Into the afternoon it led me
The ocean
When I didn’t even know how to call out
When crying was calling outWhere awe
Like watermelon
As green as it is red.- Alok Dhanwa (translated from Hindi)
Some nights, I imagine what it would be like to live without a particular poem, without its bruise on my mind, what it would be to dream without it, what it would be to live in a world where words so necessary to my life did not exist, or worse: where they exist, but not for me, forever locked in a language unknown to me. I wonder, then, how much poetry is hidden, accessible only to people who know its secret code of language. If all poems existed in all languages, how many lives could have been saved, and how many murders prevented? Not many, but perhaps many. At least a few.
Who then gets to decide what and what doesn’t get translated, who gets to select and thereby erase certain voices from certain languages?
We all talk, read, and think about translation and its political and academic need, how important it is to know about diverse voices, and “other cultures”, but we often forget to talk about its poetic need. In this chaotic, terrifying time: none of us have enough poetry in our native tongues, so we borrow and lend, we need more, as much as possible: to live, to forget, to remember.
I have fond memories of reading almost everything in Hindi growing up: Bangla stories, Ukrainian folk tales, Stoker’s Dracula, poems by Mayakovsky, Cela’s Pascual Duarte, and many, many more books. Not to mention, literature, especially poetry, written in Hindi. That’s why maybe most nights, certainly not all, the poems I return to are written in Hindi – and yet, when I sometimes want to recommend a poet to someone who is not comfortable with the language, I cannot.

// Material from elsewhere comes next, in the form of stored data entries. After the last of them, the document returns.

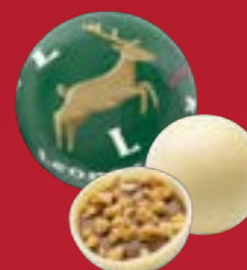
Bola de Navidad praliné avellanas chocolate blanco
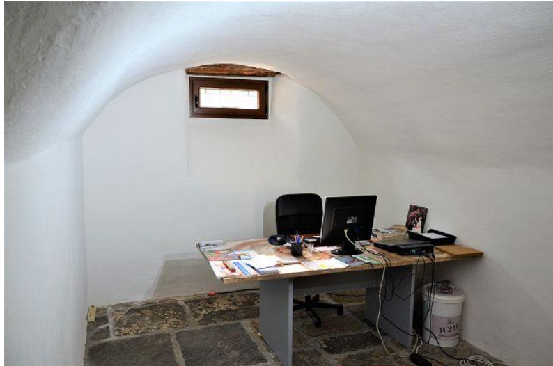
Zimmer EG / camera PT
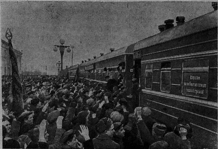
Из Минска в Казахстан выехала большая группа комсомольцев, выразивших желание работать на освоении целинных и залежных земель.

Центральный Комитет Коммунистической партии Советского Союза
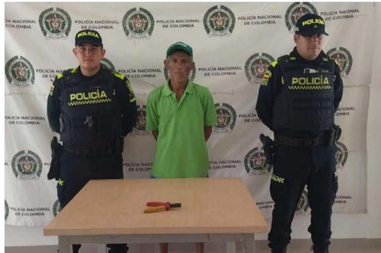
La colaboración con las empresas de servicios es crucial para identificar de manera efectiva este tipo de delitos.

parte de los esfuerzos continuos de la Policía Nacional para mantener la seguridad en la región y garantizar que los ciudadanos puedan disfrutar de un entorno seguro y protegido.
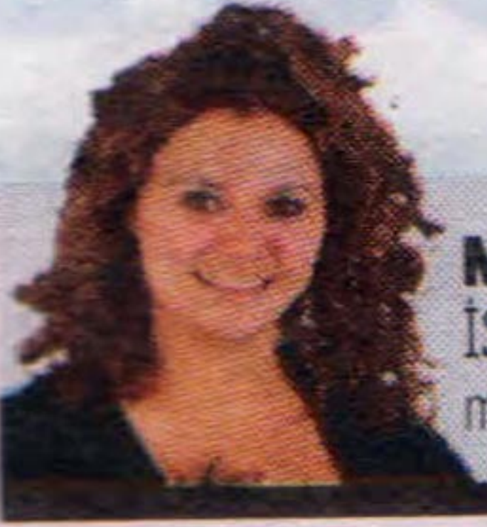
MİNE TUDUK İSTANBUL

Erdoğan sayesinde ünlü olan altın çilek fiyat artışında gerçek altını solladı. Üniversiteler bile altın çilek üretiyor.
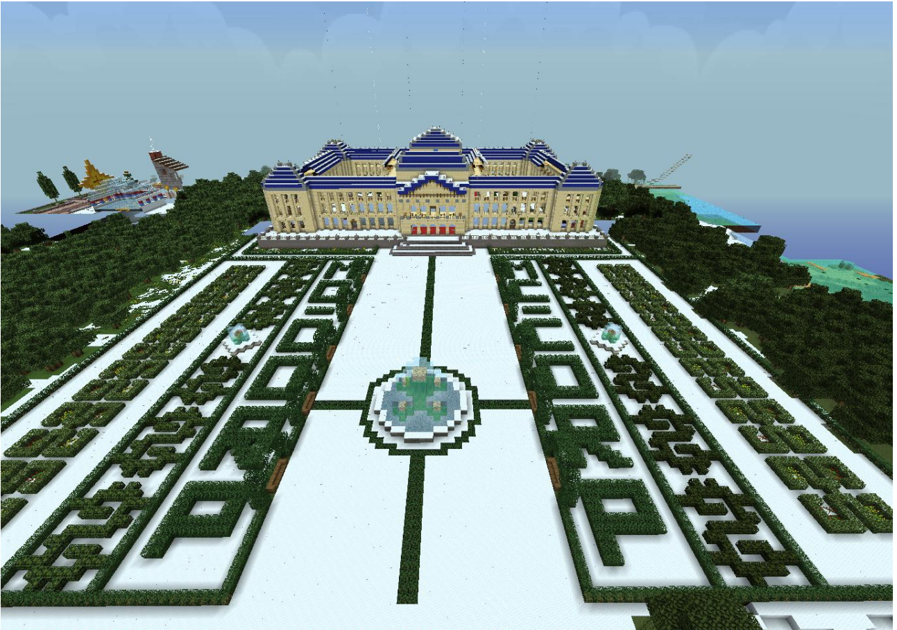
der verschneite Königspalast /warp königspalast
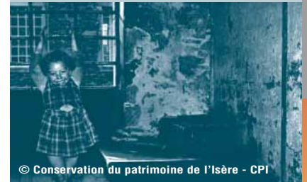
© Conservation du patrimoine de l'Isère - CPI
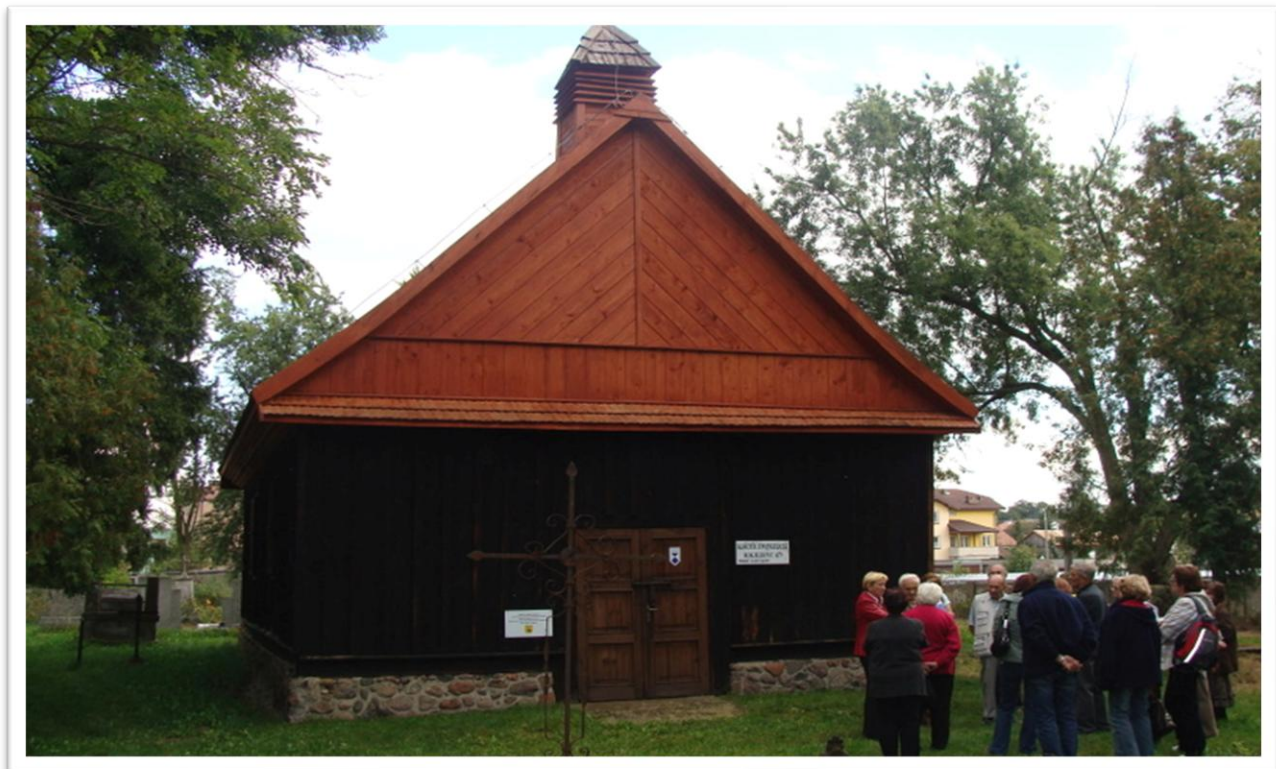
Kaplica protestancka z 1679 r. w Węgrowie

W Węgrowie zwiedziliśmy odrestaurowaną kaplicę cmentarną z 1679 roku - dawny kościół gminy prostackiej.
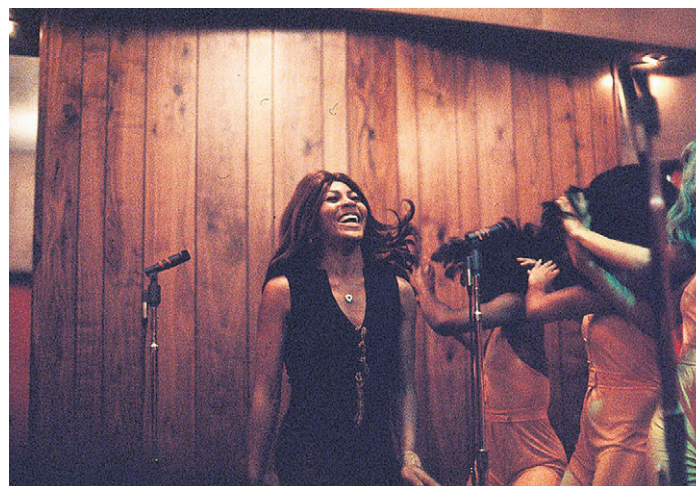
Noor Tina Turner 1973. aastal, vabanemiseni vägivaldsest Ike'ist on jäänud veel kolm aastat.

Lootsin, et filmi teine pool pühendub rohkem tema muusikale, paraku jätkati seal minevi-
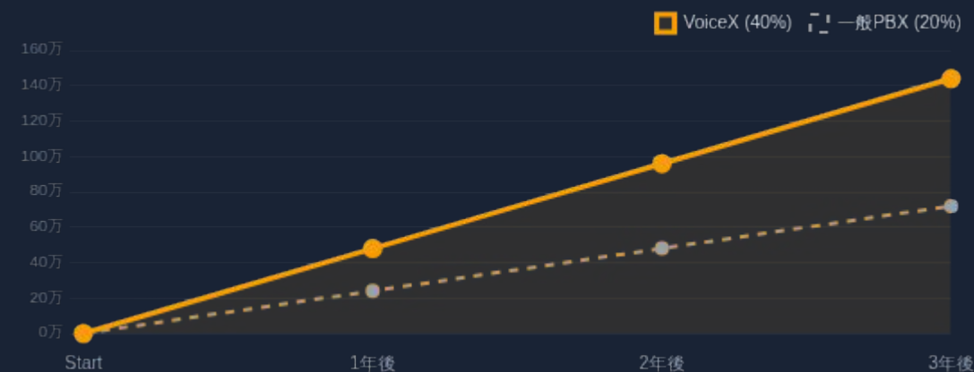
累積利益の推移イメージ（3年間）

It seems like publishers and readers are now, more than ever, engaged with the question of translation and its importance, and mainstream English publishers in India now translate much more. Hindi prose is represented, in problematic fragments. (Is it because novels are easier to sell, or they represent a more conventional form, or because most of the selected titles depict an India easier on Western palette? I don’t know.) But Hindi poetry remains dubiously missing from the newly translated titles.
A quick Google search will reveal how even the established poets of Hindi literature have very little, if any, representation in English.
There are stray poems to be found in the vagaries of the Internet: personal blogs, Facebook posts, a quick translation on the discussion forums, academic translations by professors, but very few books, and most of them now unavailable. And those that are available, via the Internet or a resourceful friend, are virtually unreadable.
A few years ago, I remember reading an article on the various possible translations of Albert Camus’s The Stranger’s first line: Mother died today; Maman died today; Today, mother has died; Today, Maman died. I wonder then, how, say, the title of Muktibodh’s seminal work Chand Ka Munh Tedha Hai should read in English? The Moon Wears A Crooked Smile (as it is translated); The Moon’s Face is Crooked; The Moon’s Face Is Bent; The Moon is Askew.
But we don’t have this dialogue, maybe believing that certain languages are to be grateful for having been translated into English at all. But why this insistence on English? After all, there are many languages in the world, in this country alone. And does it mean that Hindi poetry cannot survive without translation, without a warmer acceptance from the more elite literary circles? It has and it will, and we have to let go of the misplaced idea that translation is a nod to the worth of the original (the eternal question: who decides and why?) – there are many, many beautiful books that lie untranslated, and as many which have never even been published – but it is important because absence of Hindi poetry into English means that not only is it inaccessible to most of the world, it is also inaccessible to most of the country, which is divided by many languages, and is united, unfortunately perhaps (who is to say?), by only one: English.
We also cannot, however much we want, forget that Hindi is the language of the less-privileged, who are made fun of by the elite because they can’t quite differentiate the ja from the za, etc. – which is also why, despite its being similar to Hindi, and being generally marginalised in India, Urdu enjoys a higher literary position owing to our memory, imagined or real, of its sophistication and its closeness to Farsi, the former court language; and also perhaps why much more poetry from Tamil and Bangla is translated, for these languages supposedly belong to the “culturally rich” and hence are worthy of attention.
I talk about Hindi because I know the language, but all of this is also about all the “other” languages and dialects of India, recognised or not. The need for translation is both political and poetic, as political as it is poetic.
Saudamini Deo is a writer and photographer from Jaipur.